The Trump administrator asks the Supreme Court to block the restitution of chance test employees.

The Trump Administration has asked the Supreme Court for an emergency stay of the order of a Judge of the District Court that 16,000 federal employees terminated in six agencies and departments were restored immediately.
The application is the last challenge to a national preliminary court order issued by a judge of the Federal District Court in response to Trump’s executive actions that remodeled the government.
Interine general lawyer Sarah Harris argues in the presentation that non -profit unions and groups that challenged the massive shots lack position, saying that they have “kidnapped the employment relationship between the federal government and its workforce.”
She states that the judge’s order also violates the separation of powers.
“This Court should not allow a single district court to delete the work of the Congress and take over control over the review of federal personnel decisions, much less does it by exceeding the limits of the scope of its equitable authority and ordering in mass,” Harris wrote.
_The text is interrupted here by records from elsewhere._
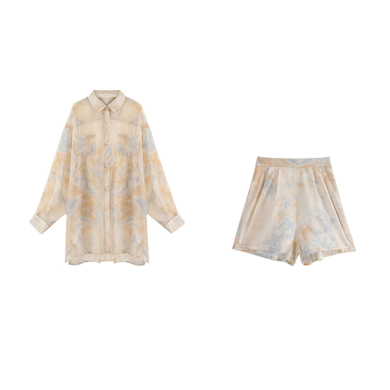 2024夏季新款两件套装女宽松长袖防晒衣衬衫阔腿短裤洋气两件套
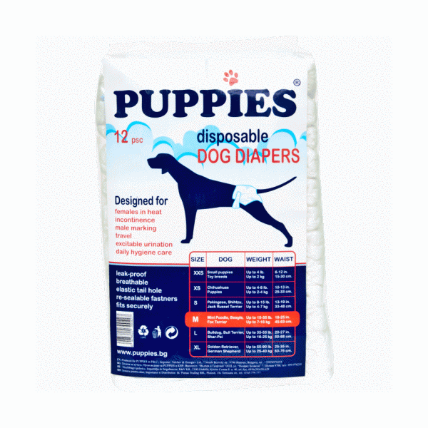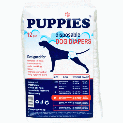 Puppies M - памперс-гащи за кучета с тегло 7-16 кг. и талия 45-63 см.,12 броя
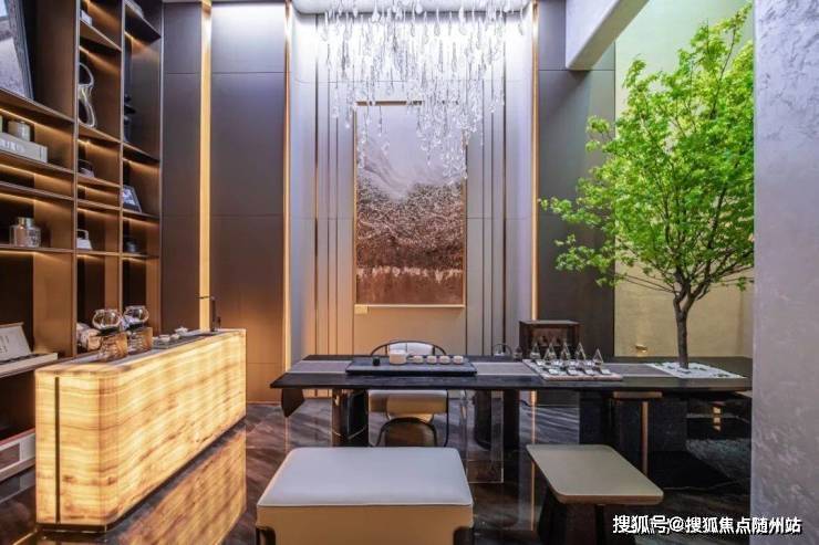 客餐厅采用一体化设计,通过石材、影木、皮革、金属、玻璃等不同材质在光影下的交织,形成张弛有度的现代轻奢多元的场景体验,内敛优雅,充盈着浓郁的都市质感。

The Supreme Court is seen in Capitol Hill in Washington, on December 17, 2024.
J. Scott Applewhite/AP, file
Harris said the Executive Office of Special Advisor and the Merit Systems Protection Board are the right places for the plaintiffs who challenge their terminations.
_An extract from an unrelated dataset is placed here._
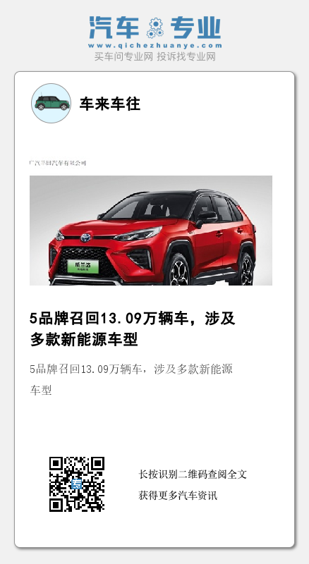 据国家市场监督管理总局8月4日发布的4起召回公告显示,大众、奔驰、丰田、雷克萨斯、特斯拉5品牌将共计召回130948辆乘用车。其中,丰田、雷克萨斯、特斯拉召回的全部为新能源车型,奔驰也召回了部分电动车。

The Supreme Court is already weighing the emergency relief application of the administration in three cases on Trump’s executive order that ends with birth citizenship.
Disputes on the Alien enemies Law and on the dissolution of the US Agency for International Development and freezing help payments are also probably destined for the Superior Court in the coming weeks and months.
The White House Press Secretary Karoline Leavitt said in a statement when the judge of the District Court ruled earlier this month that he was a single judge “trying to unintentionally seized the power of hiring and dismissal from the executive branch.”
“The President has the authority to exercise the power of the entire executive branch: the judges of the Singular District Court cannot abuse the power of the entire Judiciary to frustrate the president’s agenda,” Leavitt added in the declaration published in X by his deputy.
Leavitt added that the administration “will fight immediately against this absurd and unconstitutional order.”